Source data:
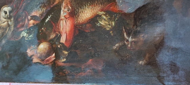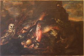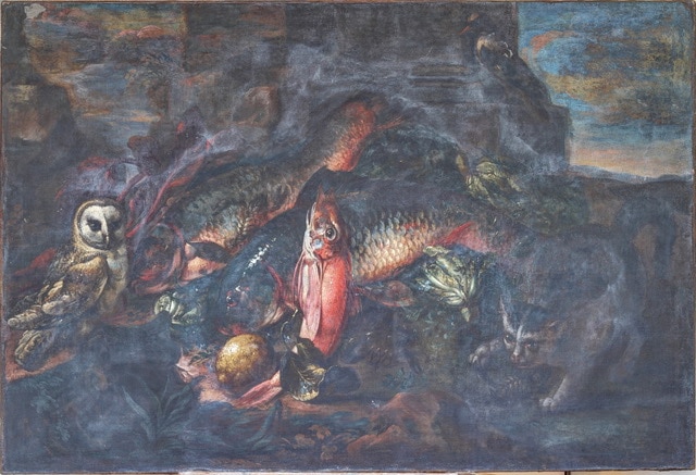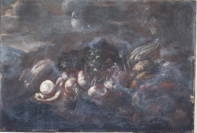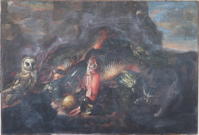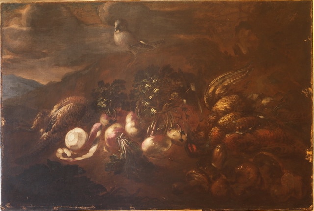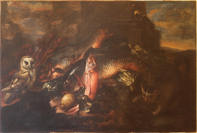 Due dipinti di ottima qualità del piacentino Felice Boselli. Nel primo al centro della tela predomina il colore rosso sfavillante dei pesci, contornati dai verdi della verdura. La luce che tocca il giallo del limone permette di sentirne la superficie rugosa. Il barbagianni e il gatto, realizzati alle estremità del dipinto, chiudono questa composizione dalla pennellata veloce e corposa. Nel secondo dipinto i toni caldi variati sul monocromo rossiccio grazie alla modulazione della luce presentano elementi poveri come alcune rape, già rappresentate in precedenza da Boselli, e un limone sbucciato. Sono loro i veri protagonisti di questa tela, in quanto valorizzati dalla luce. La gazza in cima alla composizione sembra guardare con preoccupazione i fagiani, pensando alla loro fine. Il gruppo dei soggetti rappresentati si fonde con il paesaggio circostante attraverso calde e corpose pennellate.
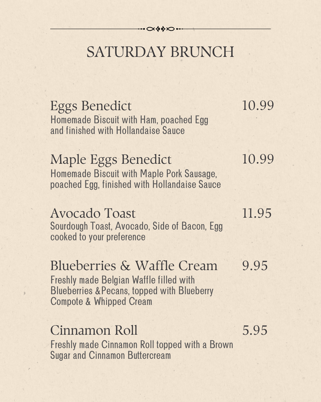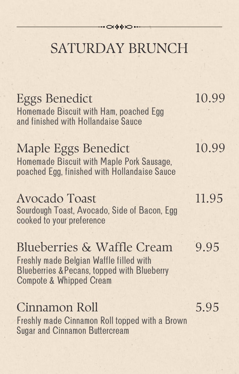 Exclusively on Saturdays, indulge in a refined brunch experience that delights the senses.
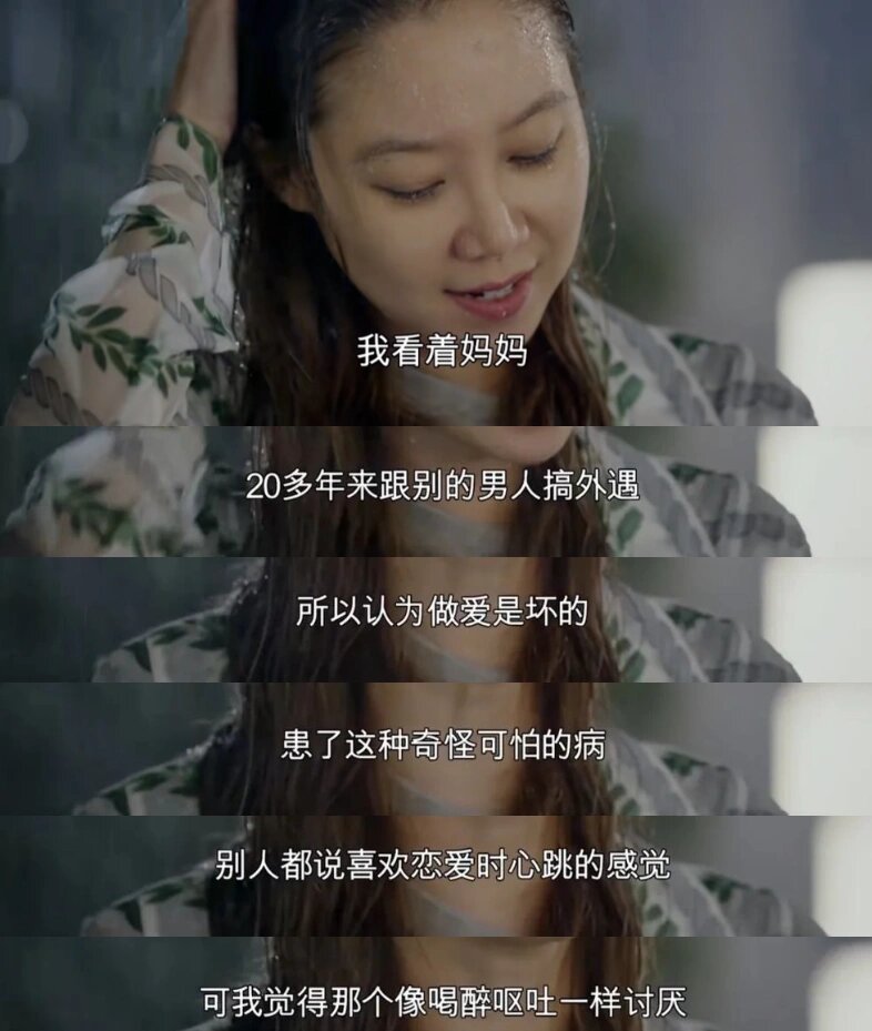 海秀刚开始不相信男主的表白,她害怕,害怕又再一次被重重摔碎在地。她说,等我有勇气告诉你我有多坏、多自私的一面,你还爱我的话,我就相信你爱我。在她暴露了自己最龌龊、最羞耻的一面之后,她胆战心惊等回复,依然是,“爱你海秀,很爱你。”
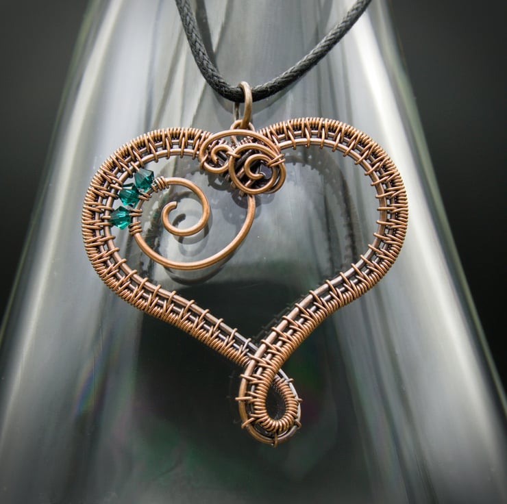 This gorgeous heart pendant has been hand woven from copper wire. Three thicker lengths of wire have been laced together using very fine wire with a flame weave to create an intricate pattern around the curves of the heart shape. I've then finished it by spiralling the ends of the wires & adding 3mm Swarovski® crystal bicone beads. These crystals are Emerald coloured - the colour for May, so it would make a lovely present for a May birthday, or just for someone who loves green!
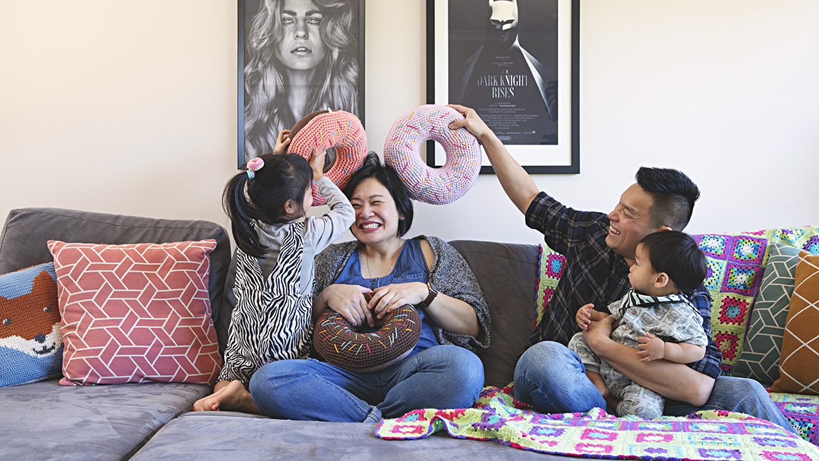 Right now, crocheter Paula Risanto is feeling a bit envious of her one-year-old son, Ren. He gets to wake up in what was - until recently - Paula's dedicated craft room, complete with wall of yarn, neatly filed craft books and accessories, and a heap of super-bright half-done crochet projects. "I'm kind of jealous, actually, because I want to wake up with a wall of yarns!"

• [Requirement]:
Reproduce each entry verbatim, excluding any embedded images.

• [Completed task]:
 Due dipinti di ottima qualità del piacentino Felice Boselli. Nel primo al centro della tela predomina il colore rosso sfavillante dei pesci, contornati dai verdi della verdura. La luce che tocca il giallo del limone permette di sentirne la superficie rugosa. Il barbagianni e il gatto, realizzati alle estremità del dipinto, chiudono questa composizione dalla pennellata veloce e corposa. Nel secondo dipinto i toni caldi variati sul monocromo rossiccio grazie alla modulazione della luce presentano elementi poveri come alcune rape, già rappresentate in precedenza da Boselli, e un limone sbucciato. Sono loro i veri protagonisti di questa tela, in quanto valorizzati dalla luce. La gazza in cima alla composizione sembra guardare con preoccupazione i fagiani, pensando alla loro fine. Il gruppo dei soggetti rappresentati si fonde con il paesaggio circostante attraverso calde e corpose pennellate.
 Exclusively on Saturdays, indulge in a refined brunch experience that delights the senses.
 海秀刚开始不相信男主的表白,她害怕,害怕又再一次被重重摔碎在地。她说,等我有勇气告诉你我有多坏、多自私的一面,你还爱我的话,我就相信你爱我。在她暴露了自己最龌龊、最羞耻的一面之后,她胆战心惊等回复,依然是,“爱你海秀,很爱你。”
 This gorgeous heart pendant has been hand woven from copper wire. Three thicker lengths of wire have been laced together using very fine wire with a flame weave to create an intricate pattern around the curves of the heart shape. I've then finished it by spiralling the ends of the wires & adding 3mm Swarovski® crystal bicone beads. These crystals are Emerald coloured - the colour for May, so it would make a lovely present for a May birthday, or just for someone who loves green!
 Right now, crocheter Paula Risanto is feeling a bit envious of her one-year-old son, Ren. He gets to wake up in what was - until recently - Paula's dedicated craft room, complete with wall of yarn, neatly filed craft books and accessories, and a heap of super-bright half-done crochet projects. "I'm kind of jealous, actually, because I want to wake up with a wall of yarns!"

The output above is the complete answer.